Sebagai seorang pejabat pemerintah yang berada di persimpangan dunia artistik, komunitas, dan
resmi selama dua dekade terakhir, Mulyawan mendapat dukungan penuh dari komunitas artistik
lokal dan masyarakat lebih luas.
Meskipun pergantian rezim dari Orde Baru pusat ke Reformasi pada tahun 1998 hampir
tidak berdampak pada seni pertunjukan asli Lampung, namun perubahan itu secara serius
mengubah struktur kekuasaan di Lampung.
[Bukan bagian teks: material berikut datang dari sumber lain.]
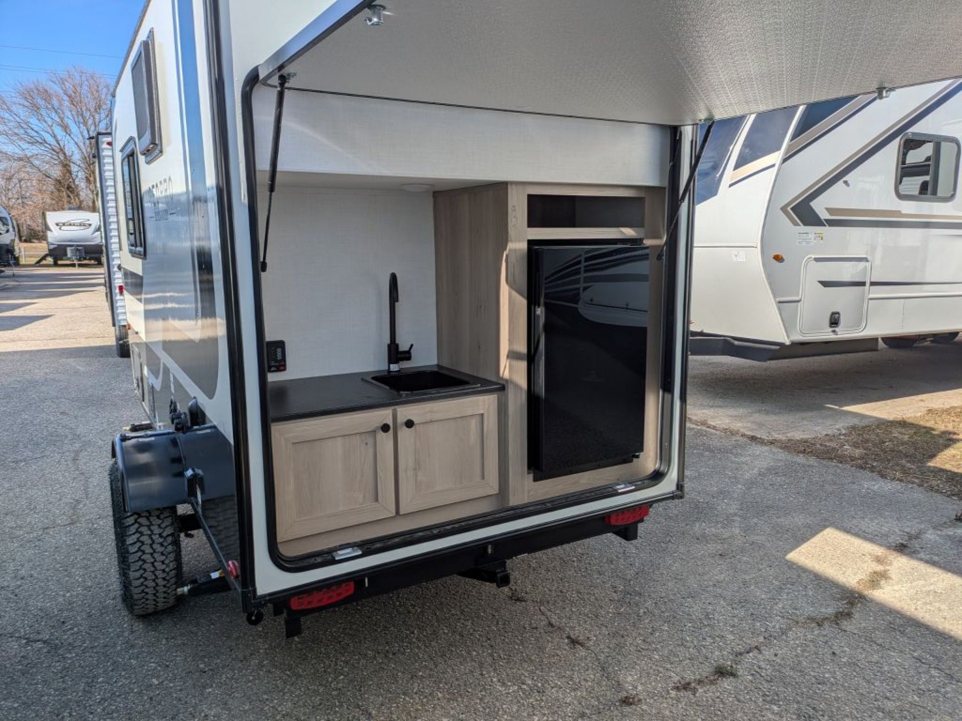 The kitchen space is thoughtfully equipped for simple meal preparation with a two-burner cooktop, recessed stainless steel sink, microwave and a refrigerator that keeps your food fresh throughout your journey. A convenient countertop and storage cabinets give you room to prep and stow essentials, making cooking in the campsite just as enjoyable as cooking at home.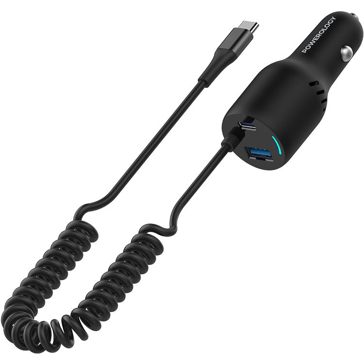 Powerology Triple Output Car Charger with 45W PD & 18W QC 3.0, Retractable Type-C Cable, Cooling Air Vent, ABS & PC Material, Built-in Safeguards, Fast Charging - Black

Dengan penunjukan gubernur ulun Lampung pada
tahun 2004, fokus beralih pada "segala hal Lampung." Hal ini menghasilkan implementasi
kebijakan seni yang berpusat pada filosofi pi`il pesenggiri Lampung.
Intervensi resmi dalam seni Skala Brak, yang berkembang dengan dukungan jelas dari
bupati-bupati, pemimpin-pemimpin distrik, dan pemerintahan mereka masing-masing, serta,
kemudian, dukungan kuat dari MPAL dan gubernur saat ini, tanpa ragu telah membawa
perubahan signifikan pada seni pertunjukan asli tradisional Lampung Barat. Posisi artistik tinggi
Mulyawan di kalangan masyarakat dan cara diplomatisnya sebagai perantara dalam struktur
pejabat, seniman, dan masyarakat memberikan jalur untuk perkembangan artistik yang lancar,
tanpa masalah, dan penerimaan luas terhadap kepemimpinan kreatifnya dan koreografinya.
Setiap festival sakura adalah perwujudan identitas ulun Lampung. Kegiatan seputar kebangkitan
seni pertunjukan telah membantu meregenerasi dan melegitimasi identitas budaya minoritas etnis
Saibatin, yang direnungkan kembali dalam setiap pertunjukan sakura secara langsung.